With default definition of CERTIFICATE_SIZE, up to 8 kB RAM is acquired from heap.

I don't think this is going to generate big problems, if developers simply (trickily) calls <wiced_dct_get_current_address> once at the entry of <application_start>. In the worse case where "if (dctx_sdk_version != DCT_BOOTLOADER_SDK_CURRENT)" is true, <wiced_dct_get_current_address> should still run successfully at this moment since there should be enough RAM for those <calloc>. And <wiced_dct_update_version_to_current> should do its job on latest DCT, while the other DCT is erased. From now on the worst case should not come up any more in our apps.

Any comments?

Anonymous
Not applicable

There are 2 copies of the DCT and every time you write anything to the DCT the "current" copy of the DCT switches from one copy to the other. Calling <wiced_dct_get_current_address> once would be inadequate unless you never write anything to the DCT. Unfortunately the OTA process writes to the DCT to communicate with the bootloader, so you can't avoid writing to the DCT if you use OTA. Making the decision to simply not write anything to the DCT also causes software maintainability issues. You can't guarantee that some other developer coming after you will follow the same rule.

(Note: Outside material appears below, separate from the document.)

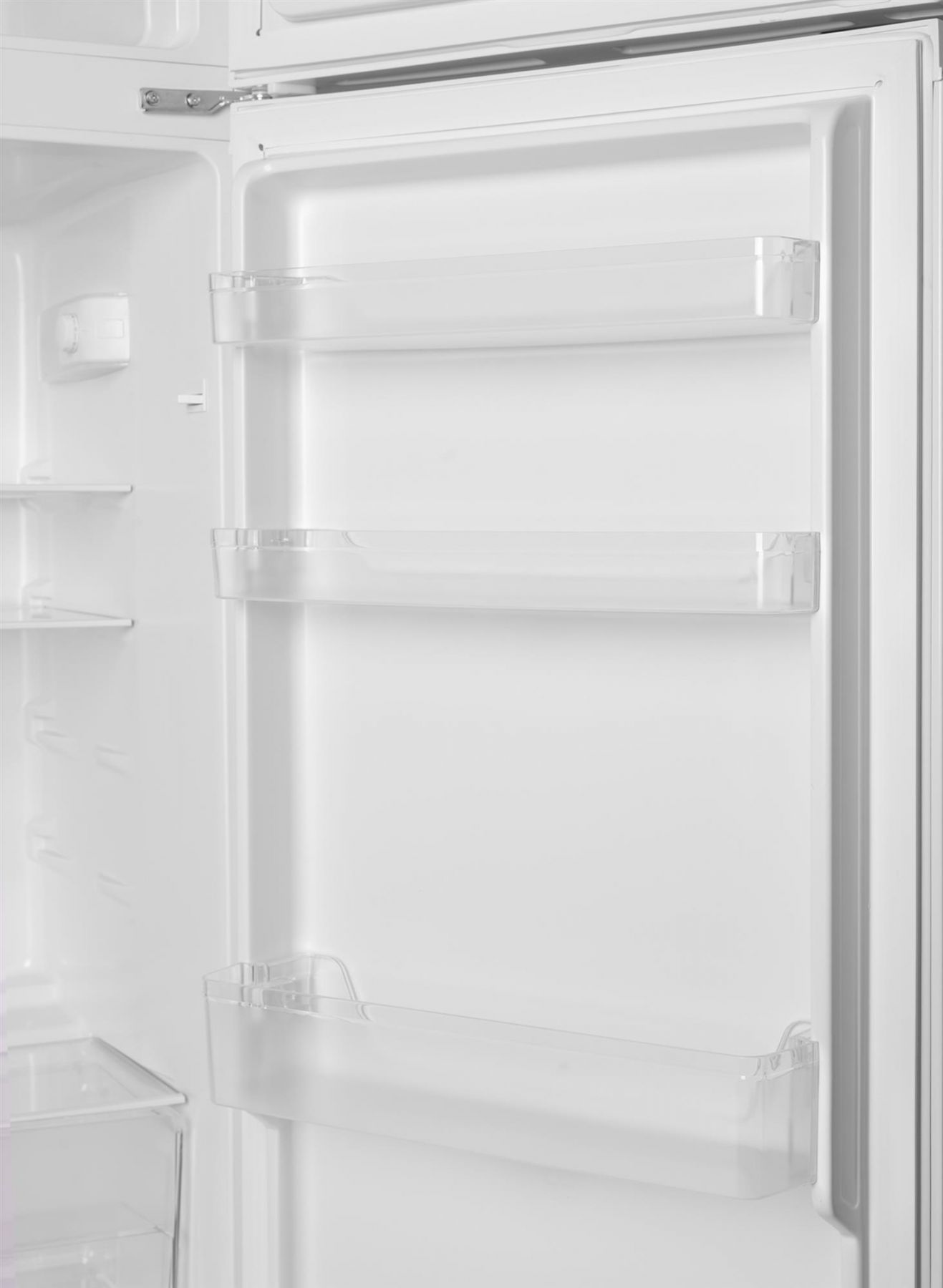 У холодильній шафі об'ємом 168 л розташовані дві полиці зі скла. Вони розміщують на собі невеликий продуктовий склад і захищають нижні полиці від пролитих продуктів або крихт. Один пластиковий ящик з відмінною загальною температурою і підвищеною вологістю, для зберігання свіжих овочів і фруктів, а також зелені. У морозильній камері на 37 літрів є скляна морозильна полиця, що розташована зверху над продуктовими полицями. Дверна стійка оснащена трьома додатковими нішами-підставками із пластику.

I think Cypress is having to deal with poor design decisions that were made by Broadcom when Broadcom tried to create a universal API for accessing the DCT that was the same for devices that store the DCT in internal flash and devices that store the DCT in external flash. To read from internal flash all you need is a pointer to the start of the block you want to read from. When reading from external flash you need to copy the values into a block of RAM. Consequently, Broadcom developed the wiced_dct_read_[lock/unlock]() functions which use malloc(). These functions are fairly easy to avoid using. I don't believe that Broadcom's lower level code allocated anything on the heap when the DCT was in internal flash. I am not all that familiar with the code dealing with a DCT in external flash. In WICED 4.0 Cypress has continued with the idea of using a Universal API and they are allocating large blocks of memory on either the stack or heap to read data regardless of whether the DCT is in internal or external flash.

Generally in embedded systems if you need a large block of data you pass a pointer to it into the function that uses it or access a globally defined block. If you only need a small amount of data, you can allocate that on the stack. You try to avoid using the heap. Cypress could make the decision to change the API, so that it is no longer universal and when you use a DCT in external flash you pass a pointer to a large block of RAM into the functions that access the DCT. When you use a DCT in internal flash you retrieve a pointer to the DCT block that you want. Cypress could also decide to continue using a universal API and only use a small block of memory that can easily be allocated on the stack for copying unchanged data from the current copy of the DCT to the new copy of the DCT. Cypress is likely to figure out something fairly quickly on this issue because they don't want their customers to be afraid that writing to the DCT or using OTA will compromise software stability.